(Records from a data source)
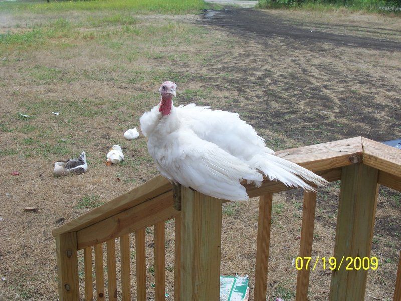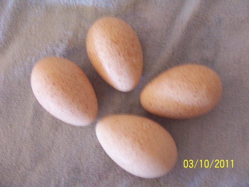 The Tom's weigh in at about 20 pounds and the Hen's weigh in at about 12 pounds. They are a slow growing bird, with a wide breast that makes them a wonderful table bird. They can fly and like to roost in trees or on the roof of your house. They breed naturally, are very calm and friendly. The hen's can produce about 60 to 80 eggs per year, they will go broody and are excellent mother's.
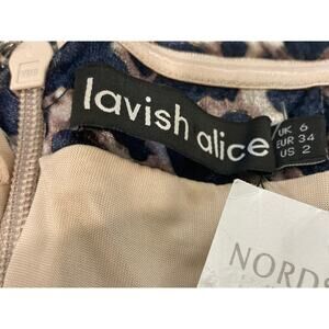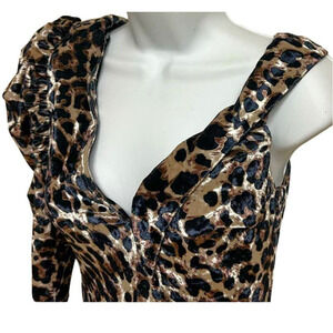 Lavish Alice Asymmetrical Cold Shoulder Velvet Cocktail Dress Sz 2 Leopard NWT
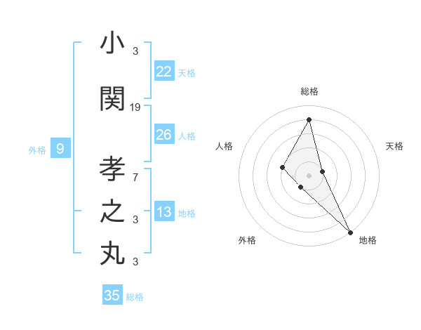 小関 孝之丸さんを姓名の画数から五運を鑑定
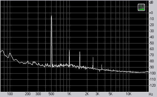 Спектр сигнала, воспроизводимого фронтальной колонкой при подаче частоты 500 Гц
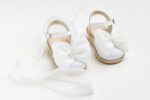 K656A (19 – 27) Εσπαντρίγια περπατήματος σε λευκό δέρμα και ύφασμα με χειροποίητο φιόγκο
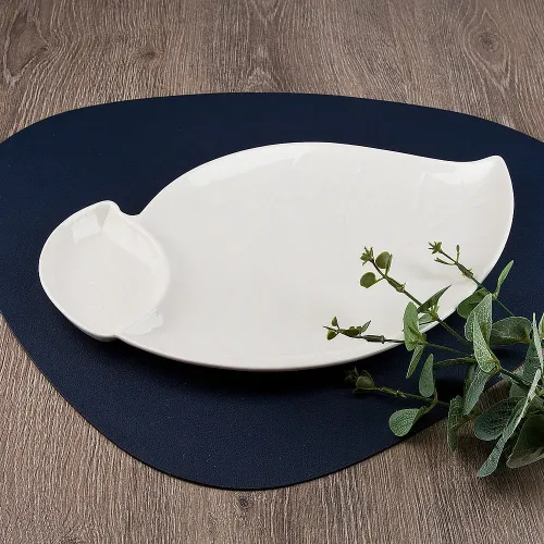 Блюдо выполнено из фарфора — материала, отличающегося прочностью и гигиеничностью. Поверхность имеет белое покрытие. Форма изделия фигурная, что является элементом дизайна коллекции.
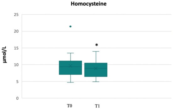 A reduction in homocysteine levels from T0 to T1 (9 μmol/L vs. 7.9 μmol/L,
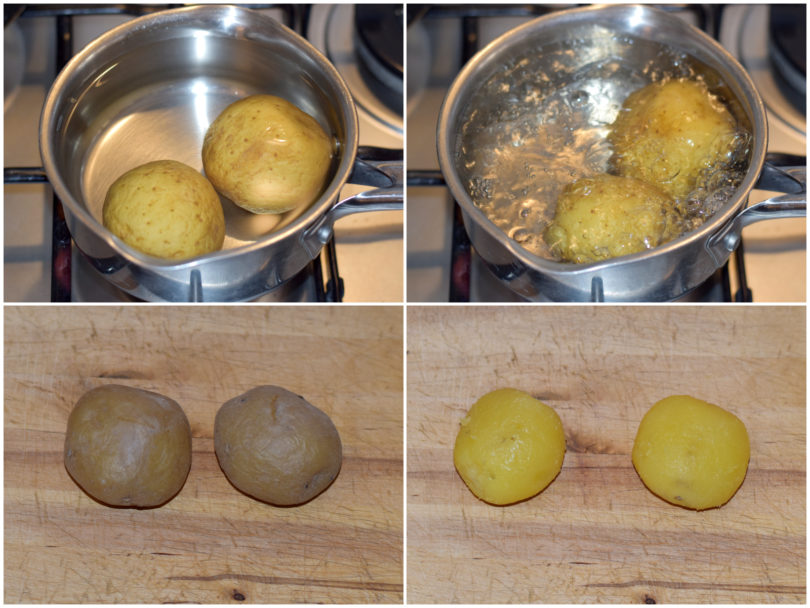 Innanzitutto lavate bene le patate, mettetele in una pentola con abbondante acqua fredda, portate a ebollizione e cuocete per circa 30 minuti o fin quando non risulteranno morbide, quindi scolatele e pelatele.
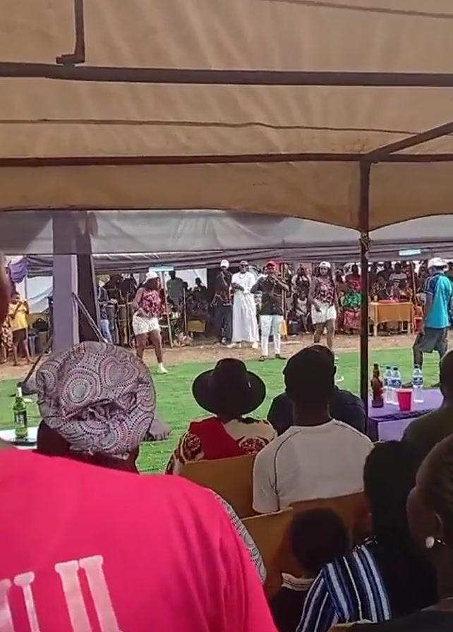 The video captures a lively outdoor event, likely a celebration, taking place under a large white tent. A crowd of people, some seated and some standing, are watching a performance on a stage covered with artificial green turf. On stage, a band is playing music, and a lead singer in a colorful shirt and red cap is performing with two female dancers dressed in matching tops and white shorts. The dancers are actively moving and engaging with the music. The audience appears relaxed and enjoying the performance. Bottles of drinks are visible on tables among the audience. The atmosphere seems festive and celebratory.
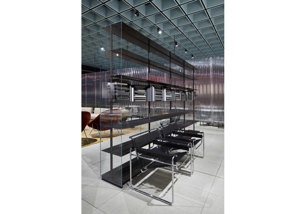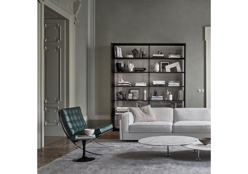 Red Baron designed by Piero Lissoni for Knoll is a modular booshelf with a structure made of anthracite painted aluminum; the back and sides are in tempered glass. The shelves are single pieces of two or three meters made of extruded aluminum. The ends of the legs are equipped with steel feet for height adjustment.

WHAT TO WORK ON:
Write out, exactly and with no pictures, the lines of the data from the first through the line containing "K656A (19 –".

SOLUTION TO THIS TASK:
 The Tom's weigh in at about 20 pounds and the Hen's weigh in at about 12 pounds. They are a slow growing bird, with a wide breast that makes them a wonderful table bird. They can fly and like to roost in trees or on the roof of your house. They breed naturally, are very calm and friendly. The hen's can produce about 60 to 80 eggs per year, they will go broody and are excellent mother's.
 Lavish Alice Asymmetrical Cold Shoulder Velvet Cocktail Dress Sz 2 Leopard NWT
 小関 孝之丸さんを姓名の画数から五運を鑑定
 Спектр сигнала, воспроизводимого фронтальной колонкой при подаче частоты 500 Гц
 K656A (19 – 27) Εσπαντρίγια περπατήματος σε λευκό δέρμα και ύφασμα με χειροποίητο φιόγκο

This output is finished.